Task goal:
Please keep the pictures out and write out exactly the lines from the first in the data below through the one containing "an original custom-designed, black", both included.

Data for this exercise:
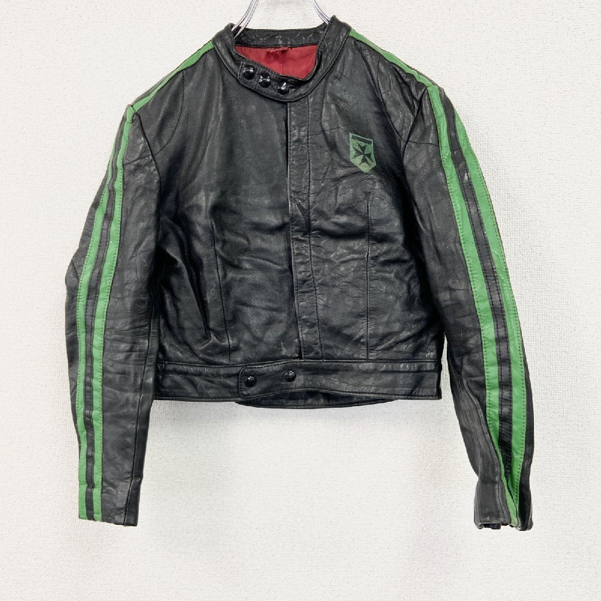 - 古着 used HARRO レザージャケット シングルライダースジャケット 2ストライプス 黒 ブラック
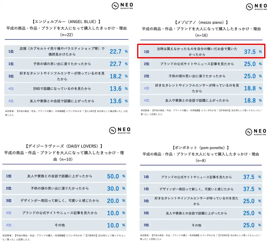 また、「【大人時代】子供(自分の娘・親戚など)のために買った」割合も、ポンポネット17.1%、デイジーラヴァーズ16.3%、メゾピアノ12.7%などファッションブランド群で比較的高く、次世代へ受け継がれやすい点も印象的でした。
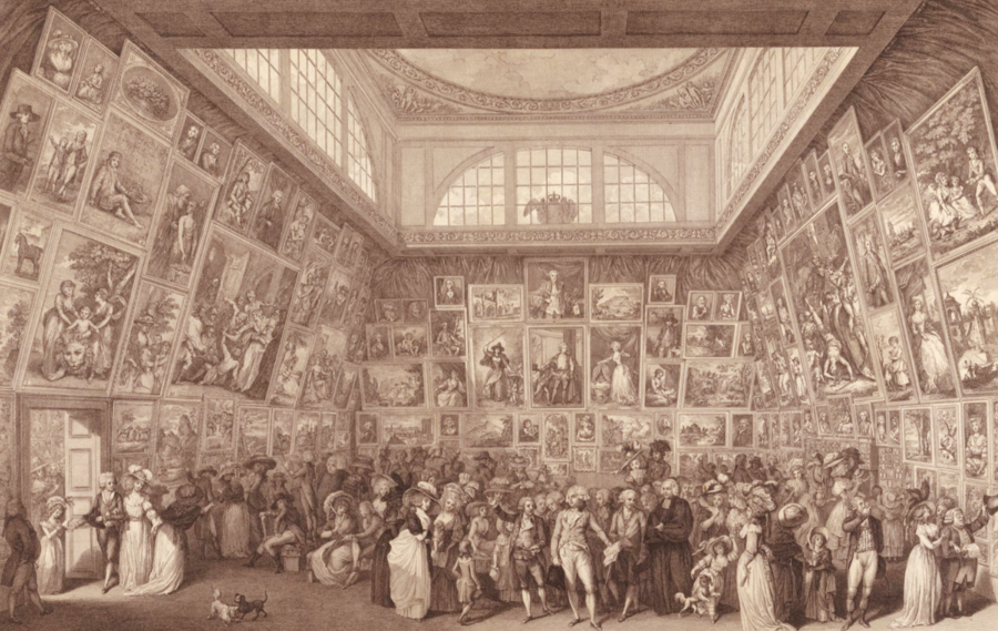 Задача этой подборки — показать то, насколько трудно (точнее, невозможно) было избежать шпалерной развески. В какой бы стране ни оказался бы человек, живущий на рубеже XIX–XX веков, он увидел один и тот же способ организации восприятия произведений искусства. Это было связано в первую очередь с характером самого искусства: до середины XIX века в живописи была распространена замкнутая композиция с единой точка схода и глубокой проработкой планов и перспективы. Взгляд зрителя немедленно проваливался в работу, которая к тому же, как правило, была обрамлена в широкую раму, и не отвлекался ни на что.
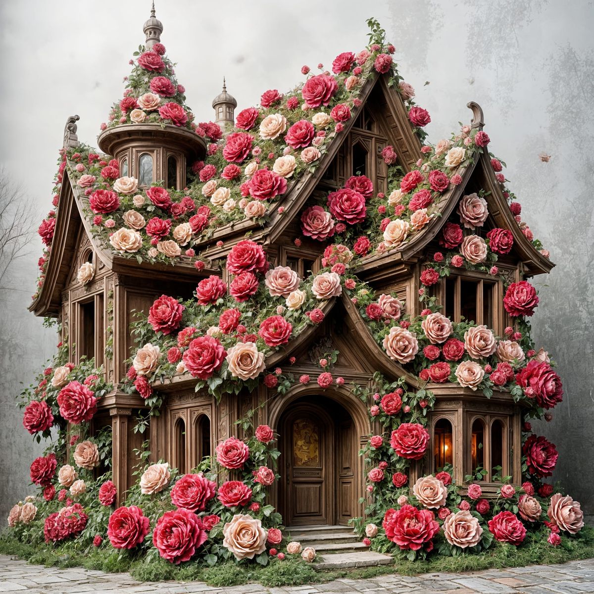This image shows an elaborate building constructed entirely of roses. The architecture features ornate details and a dreamy, enchanted aesthetic.
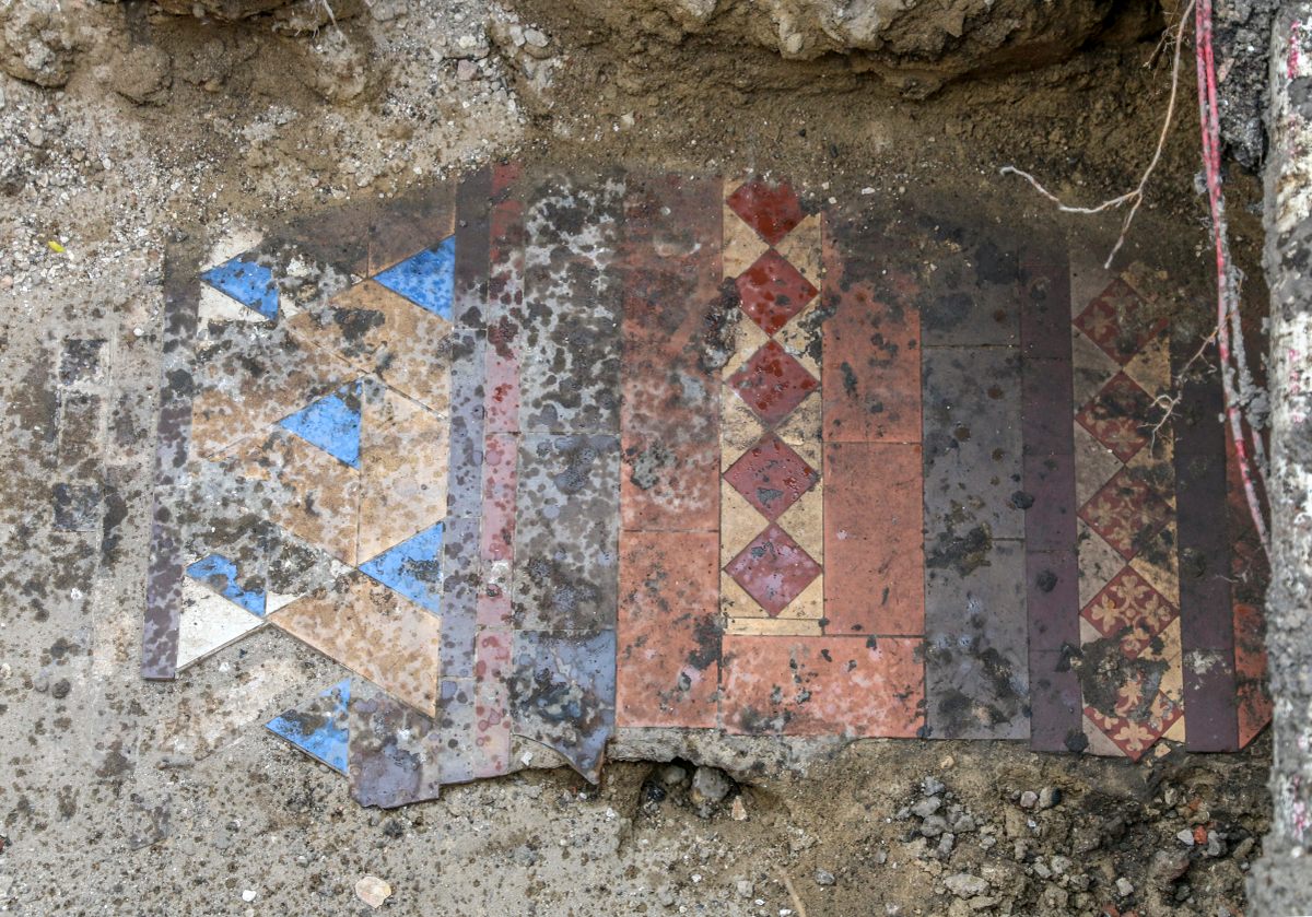 an original custom-designed, black enameled ornamental cast iron interior angled staircase baluster and basement encaustic floor tile – salvaged from edbrooke and burnham’s mecca hotel or flats (1892) during its untimely demolition in 1952 –  joined the bldg. 51 museum last month.
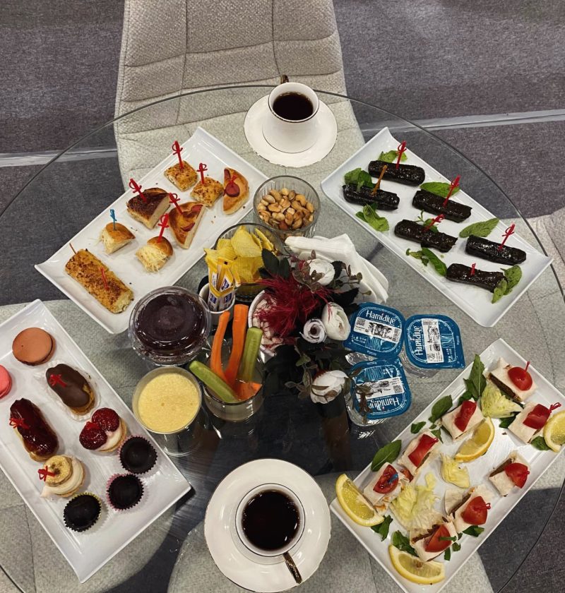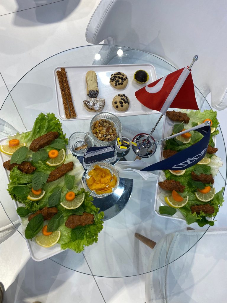Fuar temposuna uygun, pratik servis edilebilen tatlı-tuzlu ikramlar hazırlanır. Sunumlar, stand koşullarına göre cam/porselen ve şık ekipmanla kurulur.
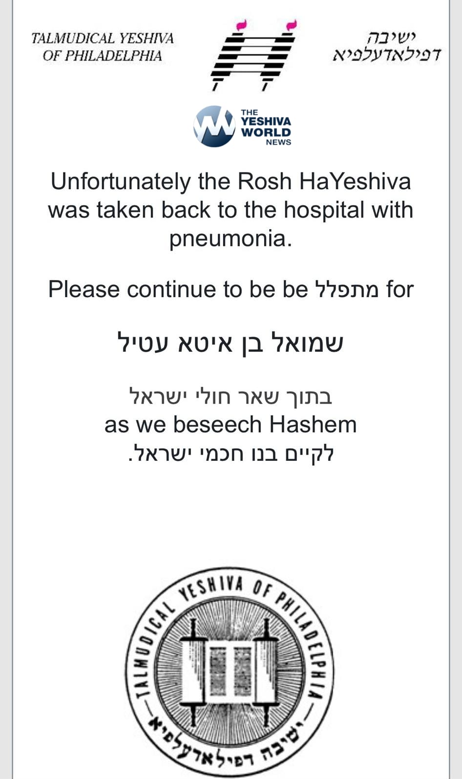 Unfortunately, the Rosh Yeshiva was hospitalized once again, this time with pneumonia.
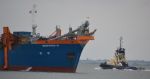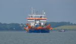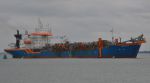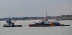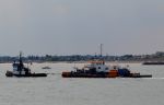 WATER JET DREDGING PONTOON called Jetsed leaving the Stour estuary yesterday with a Danish registered tug
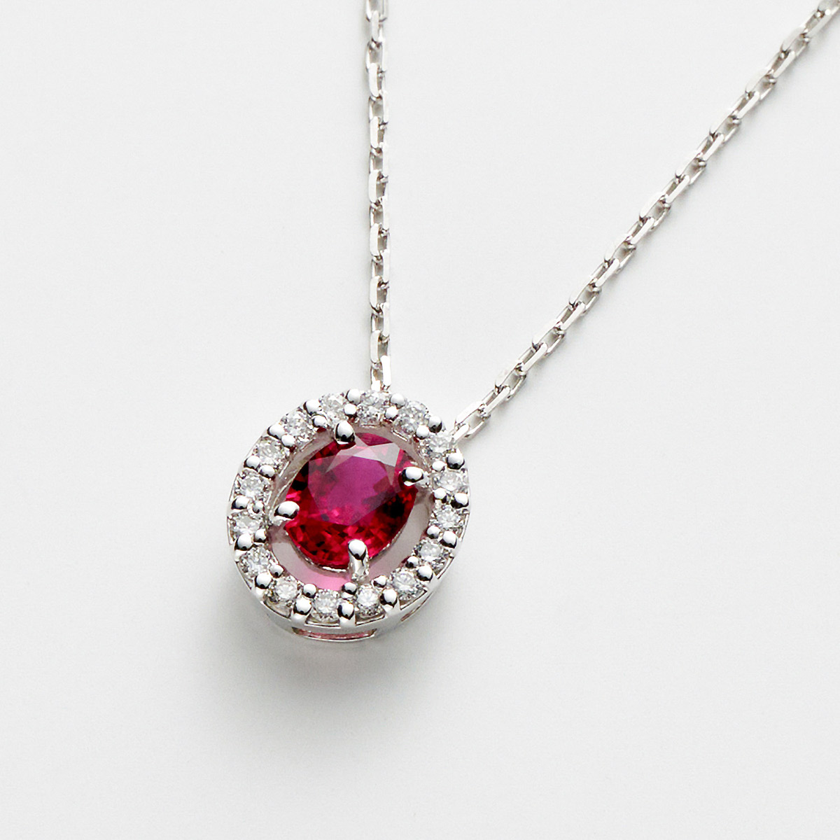 ●サイズ:ルビー 0.37ct、ダイヤモンド 計0.10ct 全長45cmスライド式チェーン 鑑別書付き
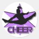 Cheer in purple classic round sticker
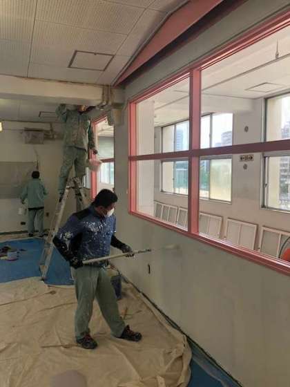 第1音楽室の塗装作業もいよいよ終盤です。出来上がりが楽しみですね!
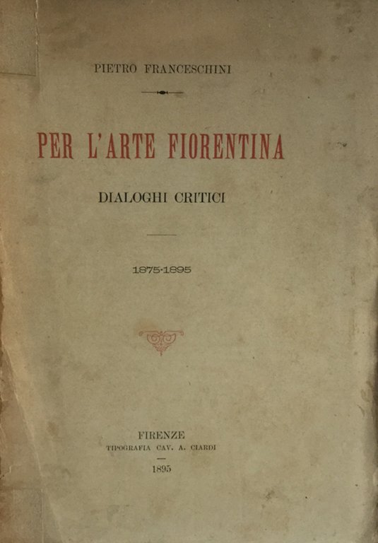 Per l'arte fiorentina. Dialoghi critici. Franceschini Ciardi 1895 | Libri antichi e moderni | Franceschini, Pietro

Solution for this task:
 - 古着 used HARRO レザージャケット シングルライダースジャケット 2ストライプス 黒 ブラック
 また、「【大人時代】子供(自分の娘・親戚など)のために買った」割合も、ポンポネット17.1%、デイジーラヴァーズ16.3%、メゾピアノ12.7%などファッションブランド群で比較的高く、次世代へ受け継がれやすい点も印象的でした。
 Задача этой подборки — показать то, насколько трудно (точнее, невозможно) было избежать шпалерной развески. В какой бы стране ни оказался бы человек, живущий на рубеже XIX–XX веков, он увидел один и тот же способ организации восприятия произведений искусства. Это было связано в первую очередь с характером самого искусства: до середины XIX века в живописи была распространена замкнутая композиция с единой точка схода и глубокой проработкой планов и перспективы. Взгляд зрителя немедленно проваливался в работу, которая к тому же, как правило, была обрамлена в широкую раму, и не отвлекался ни на что.
This image shows an elaborate building constructed entirely of roses. The architecture features ornate details and a dreamy, enchanted aesthetic.
 an original custom-designed, black enameled ornamental cast iron interior angled staircase baluster and basement encaustic floor tile – salvaged from edbrooke and burnham’s mecca hotel or flats (1892) during its untimely demolition in 1952 –  joined the bldg. 51 museum last month.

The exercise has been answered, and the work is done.